ECLI:NL:RBDHA:2023:19740

Rechtbank Den Haag

Datum uitspraak
26 oktober 2023
Publicatiedatum
14 december 2023
Zaaknummer
NL23.28698
Instantie
Rechtbank Den Haag
Type
Uitspraak
Procedures
  • Eerste aanleg - enkelvoudig
Rechters
Vindplaatsen
  • Rechtspraak.nl
AI samenvatting door LexboostAutomatisch gegenereerd

Beoordeling van het beroep tegen het niet in behandeling nemen van een asielaanvraag op basis van de Dublinverordening

In deze uitspraak beoordeelt de Rechtbank Den Haag het beroep van eisers tegen het niet in behandeling nemen van hun aanvraag voor een verblijfsvergunning asiel voor bepaalde tijd. De staatssecretaris van Justitie en Veiligheid heeft de aanvraag op 12 september 2023 niet in behandeling genomen, omdat Tsjechië volgens hem verantwoordelijk is voor de behandeling van de aanvraag. De rechtbank heeft de zaak op 26 september 2023 behandeld, waarbij eisers vertegenwoordigd werden door hun gemachtigde en een tolk aanwezig was.

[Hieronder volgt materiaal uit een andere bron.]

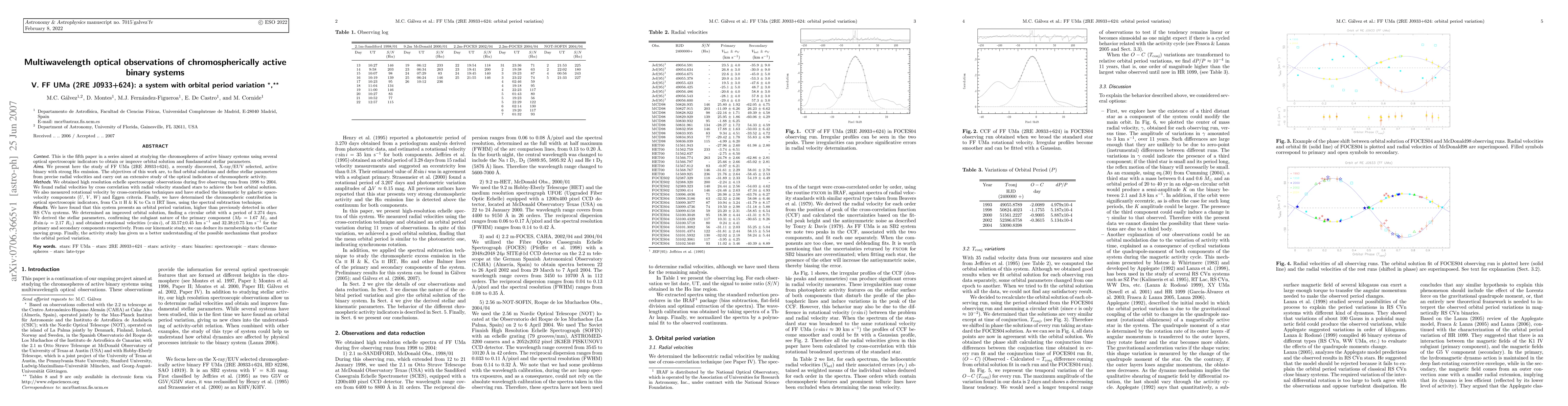 This is the fifth paper in a series aimed at studying the chromospheres of active binary systems using several optical spectroscopic indicators to obtain or improve orbital solution and fundamental stellar parameters. We present here the study of FF UMa (2RE J0933+624), a recently discovered, X-ray/EUV selected, active binary with strong H_alpha emission. The objectives of this work are, to find orbital solutions and define stellar parameters from precise radial velocities and carry out an extensive study of the optical indicators of chromospheric activity. We obtained high resolution echelle spectroscopic observations during five observing runs from 1998 to 2004. We found radial velocities by cross correlation with radial velocity standard stars to achieve the best orbital solution. We also measured rotational velocity by cross-correlation techniques and have studied the kinematic by galactic space- velocity components (U, V, W) and Eggen criteria. Finally, we have determined the chromospheric contribution in optical spectroscopic indicators, from Ca II H & K to Ca II IRT lines, using the spectral subtraction technique. We have found that this system presents an orbital period variation, higher than previously detected in other RS CVn systems. We determined an improved orbital solution, finding a circular orbit with a period of 3.274 days. We derived the stellar parameters, confirming the subgiant nature of the primary component and obtained rotational velocities (vsini), of 33.57 km/s and 32.38 km/s for the primary and secondary components respectively. From our kinematic study, we can deduce its membership to the Castor moving group. Finally, the activity study has given us a better understanding of the possible mechanisms that produce the orbital period variation.

De rechtbank verklaart het beroep ongegrond, wat betekent dat het niet in behandeling nemen van de aanvraag in stand blijft. De rechtbank legt uit dat de Europese Unie gezamenlijke regelgeving heeft over asielaanvragen, vastgelegd in de Dublinverordening. Deze verordening stelt dat een asielaanvraag niet in behandeling wordt genomen als een andere lidstaat verantwoordelijk is. Eisers hebben aangevoerd dat er geen vertrouwen kan worden gesteld in de Tsjechische autoriteiten, maar de rechtbank oordeelt dat zij niet aannemelijk hebben gemaakt dat er structurele tekortkomingen zijn in het asiel- en opvangsysteem in Tsjechië.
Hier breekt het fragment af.